# WORK REQUIRED
Unless it is a picture, every line from the start of the entries through the line with "imageANRABESS Women One" must be retyped exactly.

——

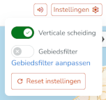 In de weergave instellingen kan gekozen worden voor een verticale of horizontale scheiding tussen de kaart en de tabel.
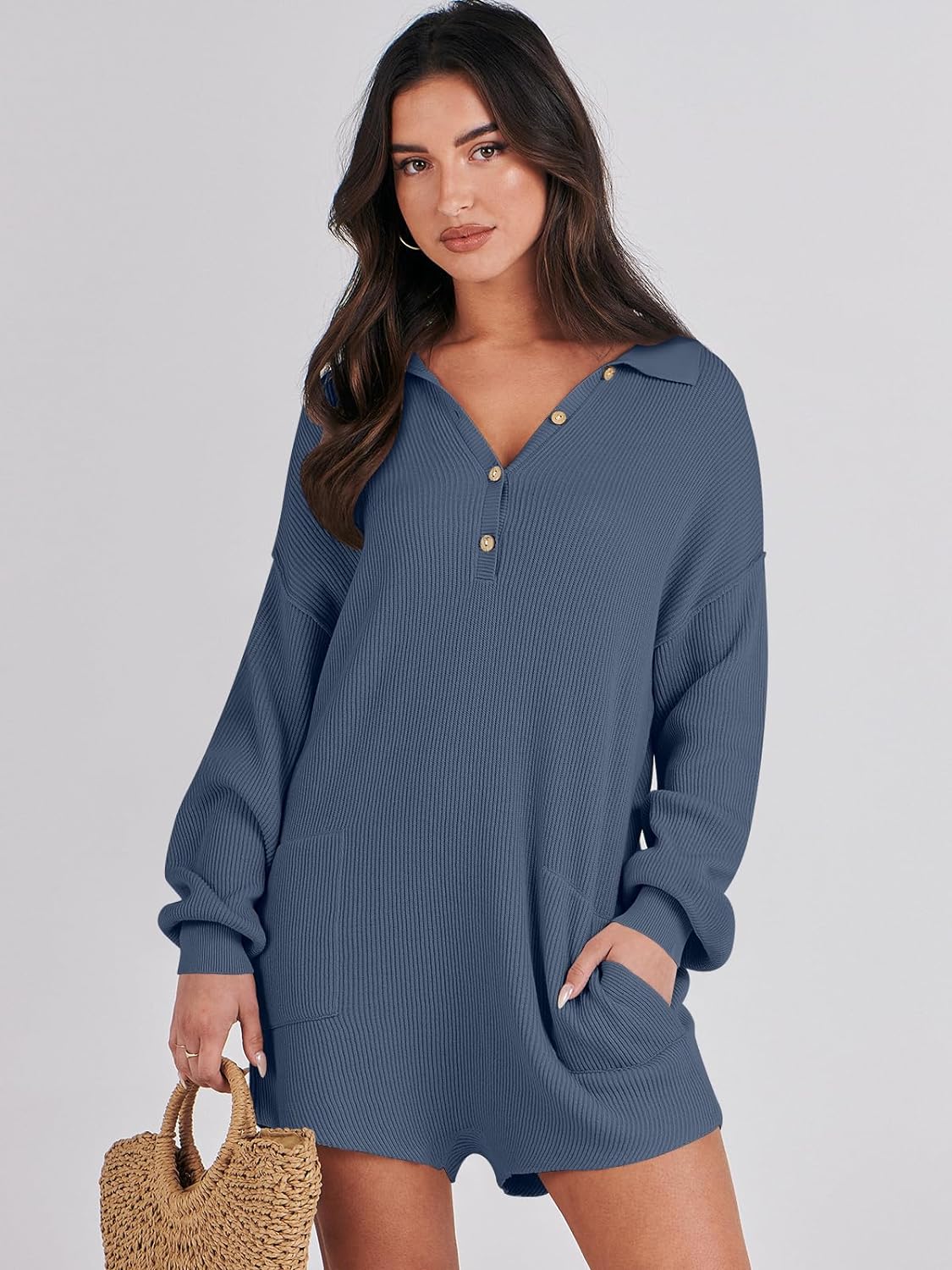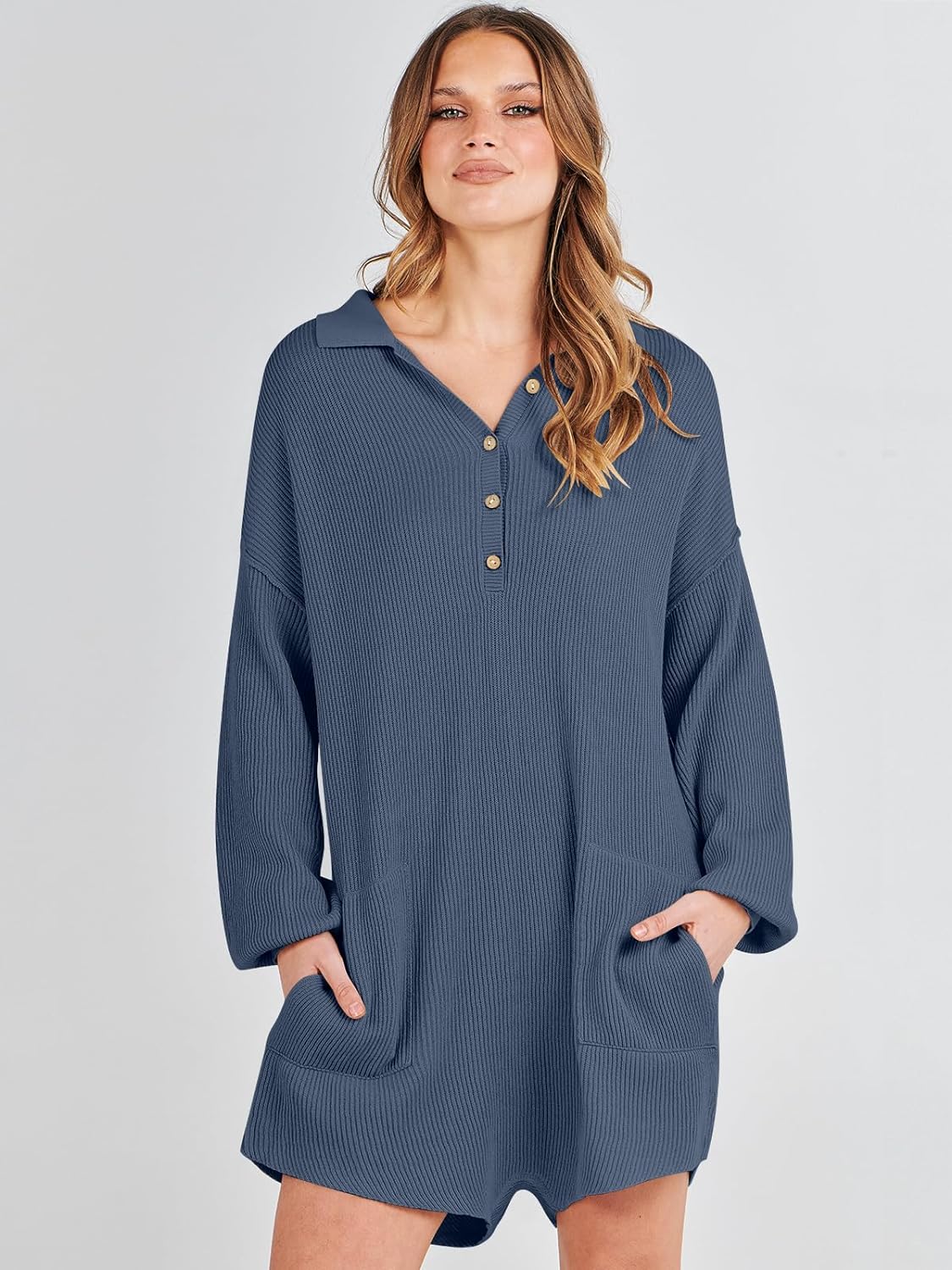 imageANRABESS Women One Piece Pajamas Sweater Rompers 2024 Spring Around House Lounging Outfits Long SLeeve Knit JumpsuitsDusty Blue
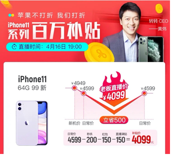 而今晚,转转CEO黄炜更是会首次在直播间为消费者送福利,放出百万补贴。届时同款iPhone 11的价格只需要4099元,不仅比官网便宜1400元,比新款iPhone SE也只高800元,但可以拥有双摄长续航的大屏体验,无疑更“香”!
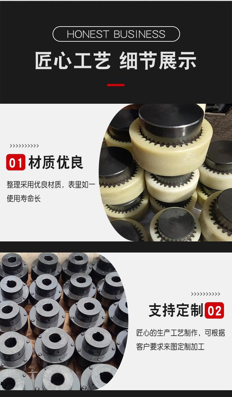 齿式联轴器是由齿数相同的内齿圈和带外齿的凸缘半联轴器等零件组成。外齿分为直齿和鼓形齿两种齿形,所谓鼓形齿即为将外齿制成球面,球面中心在齿轮轴线上,齿侧间隙较一般齿轮大。
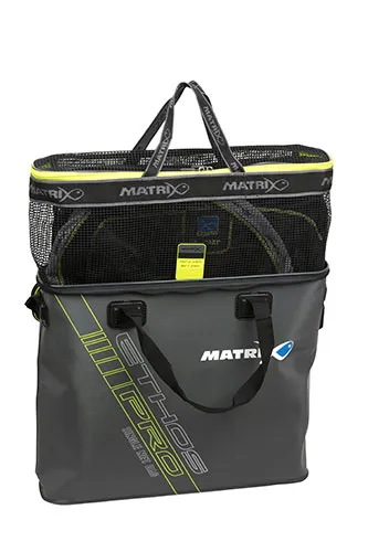 Découvrez ce sac Matrix Dip & Dry conçu pour plonger les bourriches et têtes d'épuisettes dans les bacs antibactériens. Idéal pour faire sécher votre matériel après la pêche. Compatible avec la plupart des sacs à bourriches EVA.
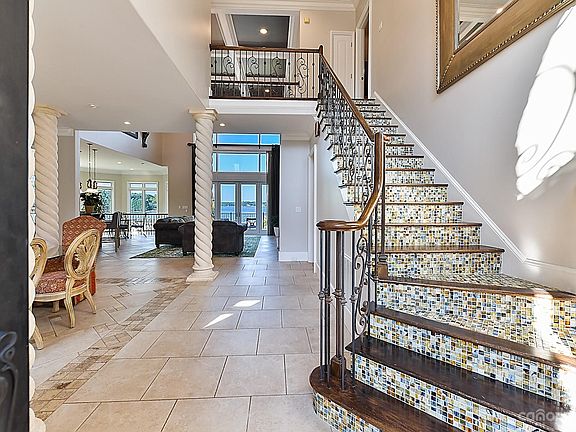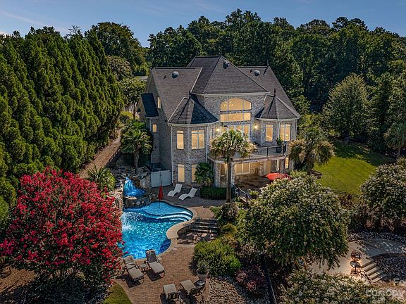 Welcome to Mariners Watch Ct, a breathtaking oasis nestled on over 0.90 acres with 450+ft of shoreline on Lake Wylie's main channel. This custom all brick home boasts panoramic lake views from almost every room and features cathedral ceilings, hardwood floors, and an open concept living space. With 4 bedrooms and 5 bathrooms spread across 3 light-filled floors, this home offers a truly luxurious experience. The fully finished basement is an entertainer's dream, complete with a bar area, media room, game room, and workout area. Step outside to your own private paradise, featuring a fabulous inground pool and spa, 2-level dock with boat slips, and a patio with a built-in grill and fireplace. Don't miss the opportunity to witness picturesque sunsets from the gazebo. This home is truly a masterpiece.

——

# ANSWER
 In de weergave instellingen kan gekozen worden voor een verticale of horizontale scheiding tussen de kaart en de tabel.
 imageANRABESS Women One Piece Pajamas Sweater Rompers 2024 Spring Around House Lounging Outfits Long SLeeve Knit JumpsuitsDusty Blue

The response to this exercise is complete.